WHAT NEEDS TO BE DONE
The lines in the listing below are to be given again exactly, starting at the line holding "A baby has been" and ending at the line holding "まずは園芸作業で育てていたダ". Do not include pictures.

DATA LISTING
◆ ◆ ◆ ◆ ◆ ◆ ◆
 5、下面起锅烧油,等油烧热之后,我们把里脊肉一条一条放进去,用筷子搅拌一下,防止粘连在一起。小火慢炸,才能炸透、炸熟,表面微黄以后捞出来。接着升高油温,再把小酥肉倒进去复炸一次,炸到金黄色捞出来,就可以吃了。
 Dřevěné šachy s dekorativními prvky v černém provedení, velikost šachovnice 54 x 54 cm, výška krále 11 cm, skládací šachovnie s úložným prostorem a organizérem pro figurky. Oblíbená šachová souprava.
◆ ◆ ◆ ◆ ◆ ◆ ◆
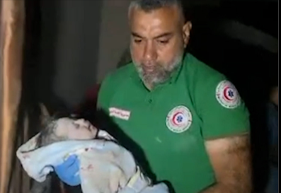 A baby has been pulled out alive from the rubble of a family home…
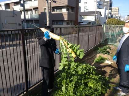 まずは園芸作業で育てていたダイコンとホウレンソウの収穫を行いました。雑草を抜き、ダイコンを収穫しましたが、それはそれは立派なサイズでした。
◆ ◆ ◆ ◆ ◆ ◆ ◆
SOLUTION TO THE EXERCISE
 A baby has been pulled out alive from the rubble of a family home…
 まずは園芸作業で育てていたダイコンとホウレンソウの収穫を行いました。雑草を抜き、ダイコンを収穫しましたが、それはそれは立派なサイズでした。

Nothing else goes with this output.